SUBSCRIBER TO THESE BONDS

These bonds come with tax incentives such as tax exemption and tax credits,
making them a more attractive investment

This provides a monetary incentive to tackle prominent social issues such as climate
change and a movement to renewable sources of energy.

To qualify for green bond status, they are often verified by a third party such as the
Climate Bond Standard Board, which certifies that the bond will fund projects that
include benefits to the environment.

These bonds finance projects aimed at energy efficiency, pollution prevention,


sustainable agriculture, fishery and forestry, the protection of aquatic and terrestrial
ecosystems, clean transportation, sustainable water management and the cultivation
of environmentally friendly technologies

Big Hit with Pensions Funds who want to Hedge Climate Risk
RECENT ISSUES: PROMOTER-SHARES AS COLLATERAL FOR
BOND ISSUES
What does pledging shares mean?
When one takes loans against the shares held, it is called pledging shares. This means
that shares are offered as collateral or security against the loan taken by the
individual that has pledged his/her shares. Shares can be pledged by a promoter or an
investor.

Who gives loans against pledged shares?


Banks or nonbanking finance companies (NBFC) can lend money against shares.

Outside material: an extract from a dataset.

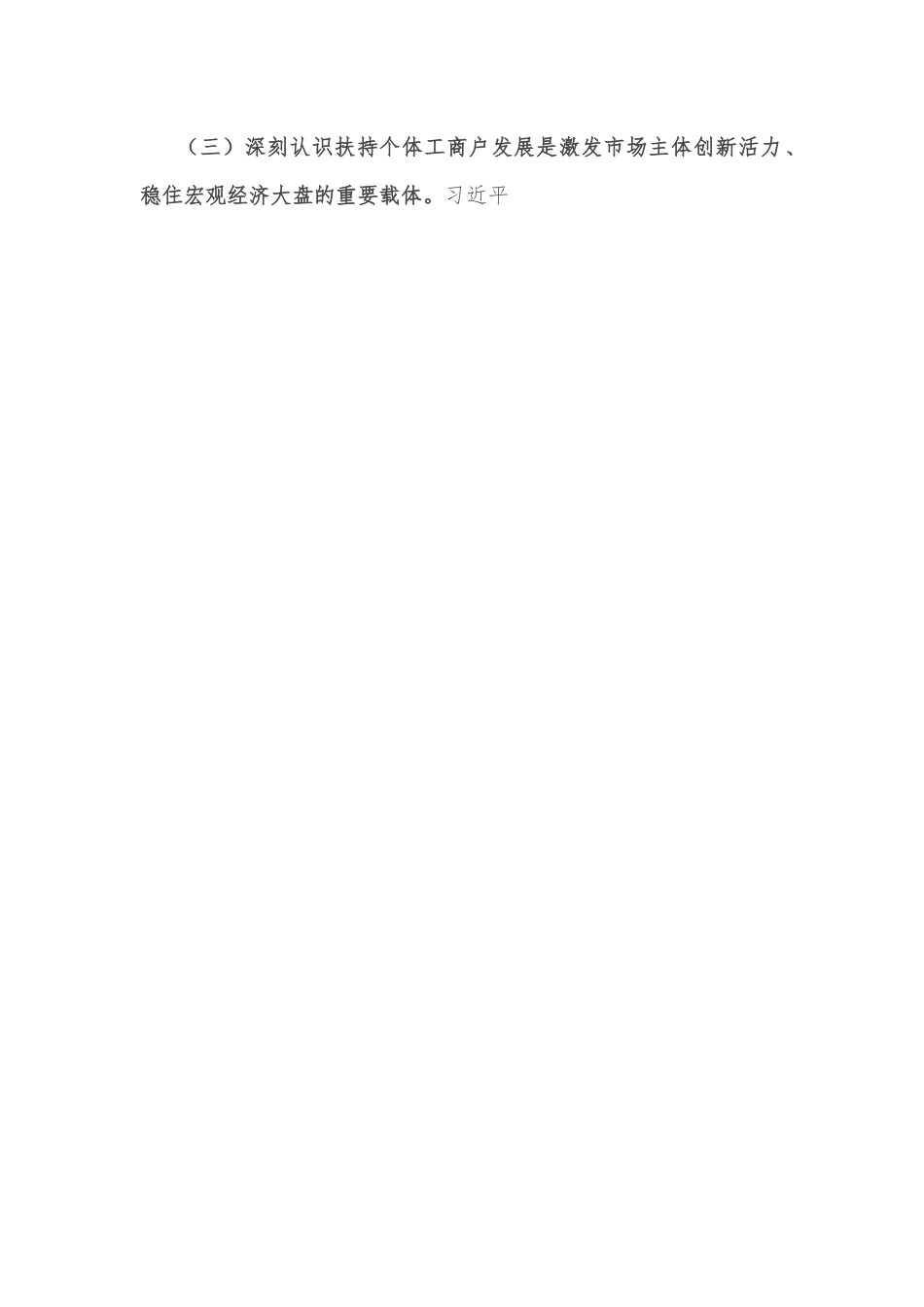 在首届全国个体工商户服务启动仪式上的讲话今天,我们*个部门以视频方式举办首届“全国个体工商户服务月”启动仪式,旨在学习贯彻习近平总书记关于促进个体工商户发展的重要指示精神,认真落实党中央、国务院决策部署,调动各方资源为个体工商户送服务、办实事、促发展,为稳住宏观经济大盘提供支撑,为迎接党的二十大胜利召开营造良好环境。刚才,*同志介绍了服务月活动总体安排,人力资源社会保障部副部长俞家栋、退役军人部副部长常正国作了讲话,请同志们抓好贯彻落实。下面,我讲几点意见:一、深入学习习近平总书记重要指示精神,深刻认识扶持个体工商户发展的重要意义党的十八大以来,以习近平同志为核心的党中央高度重视、十分关心个体工商户的健康发展,习近平总书记作出一系列重要论述,为我们做好工作指明了方向,提供了根本遵循.*年*月,国务院同意建立扶持个体工商户发展部际联席会议制度,为进一步加强组织领导和统筹协调,形成工作合力提供了制度保障。在各地区各部门的共同努力下,截至今年*月底,全国个体工商户达*亿户,在繁荣经济、稳定就业、促进创新、方便群众生活等方面发挥着重要作用,为经济社会健康发展作出了突出贡献。(一)深刻认识扶持个体工商户发展是坚持和完善社会主义基本经济制度、繁荣社会主义市场经济的重要举措。习近平总书记指出,民营经济是我国经济制度的内在要素,是社会主义市场经济发展的重要成果,是推动社会主义市场经济发展的重要力量;强调要毫不动摇巩固和发展公有制经济,毫不动摇鼓励、支持、引导非公有制经济发展,保证各种所有制经济依法平等使用生产要素、公平参与市场竞争'同等受到法律保护。我们要深刻认识到,“两个毫不动摇”是新时代坚持和发展中国特色社会主义的基本方略,个体经济作为民营经济的重要力量,在社会主义市场经济体系中的地位和作用越来越重要,从“必要的、有益的补充”上升到“重要组成部分”,彰显了中国特色社会主义基本经济制度的优势和活力。(二)深刻认识扶持个体工商户发展是维护社会穏定、促进共同富裕的重要保障。习近平总书记指出,适应我国社会主要矛盾的变化,更好满足人民日益增长的美好生活需要,必须把促进全体人民共同富裕作为为人民谋幸福的着力点,不断夯实党长期执政基础;强调要从构建新发展格局、推动高质量发展、促进共同富裕的战略高度出发,为各类市场主体特别是中小企业创造广阔的发展空冋。我们要深刻认识到,个体工商户是解决就业、创业致富的重要群体,发挥着就业蓄水池'社会稳定器、共同富裕生力军的重要作用。我国*亿多个体工商户,直接带动近*亿城乡居民就业,有力改善了民生,解决了近亿家庭尤其是许多弱势群体的生计问题.,这对于维护社会和谐稳定、促进共同富裕具有重大意义.(三)深刻认识扶持个体工商户发展是激发市场主体创新活力、稳住宏观经济大盘的重要载体。习近平总书记指出,市场主体是经济的力量载体,保市场主体就是保社会生产力,要千方百计把市场主体保护好,为经济发展积蓄基本力量;强调要持续激发市场主体活力,让市场主体特别是中小微企业和个体工商户增加活力。我们要深刻认识到,我国经济的长期稳健发展,很大程度源于各项政策措施持续激发各类市场主体的活力和创新力。在新发展格局下,要打通经济“大动脉”,必须畅通经济“微循环”。数量庞大的个体工商户,是推动大众创业、万众创新的重要力量,以微商电商、网络直播等为代表的“新个体经济”为我国经济转型升级注入了新的活力,也成为抵御经济下行风险、增强我国经济韧性和回旋余地的重要支撑。二、认真分析当前的新形势新挑战,高度重视个体工商户发展所面临的困难和问题从宏观经济看,当前我国经济延续恢复发展态势,个体工商户仍有充足发展空间。*月以来,我国经济运行呈现恢复发展态势,随着稳住经济一揽子政策和接续措施落地见效,经济运行有望持续改善,投资活力增强,消费持续恢复,进出口保持较快增长。总体来看,我国经济韧性强、潜力大、活力足,长期向好的基本面不会改变,为个体工商户带来充足的发展空间。同时也要看到,当前我国经济环境的复杂性、严峻性、不确定性仍在上升,需...

Why do borrowers have to resort to pledging shares to get funds?


Borrowers can pledge shares to meet any shortfall in capital for business or personal
requirement. Pledging of shares is more common in companies where promoter
shareholding is high.

How much can be borrowed against pledged shares?


The minimum collateral value is agreed between the lender and borrower. An individual
can typically borrow anywhere from 50 to 80 percent of the value of their shares.
RECENT ISSUES: PROMOTER-SHARES AS COLLATERAL FOR BOND
ISSUES
Does ownership gets transferred to the lending entity once shares are
pledged?
Ownership is retained by the individual taking the loan at the time of pledging the
shares. However, if the borrower is not able to meet the repayment obligations,
the lender can sell pledged shares to recover money.

What are the implications of pledging shares?


Pledging of shares by promoters beyond a certain threshold raises the risk of some
of this equity being sold in the market in case he/she is not able to repay the loan on
time or provide additional collateral if the margin threshold is breached.
Since the loan is given against the value of the shares, as share prices fall, the total
value of the collateral falls. This can trigger a margin call.
RECENT ISSUES: PROMOTER-SHARES AS COLLATERAL FOR BOND
ISSUES

What is a margin call?

When a margin call is triggered, the borrower must either deposit more
cash or securities with the lender as additional collateral or sell the
shares pledged to settle the loan

A forced sale of pledged shares could create a vicious cycle, resulting in


the company’s share price falling even further.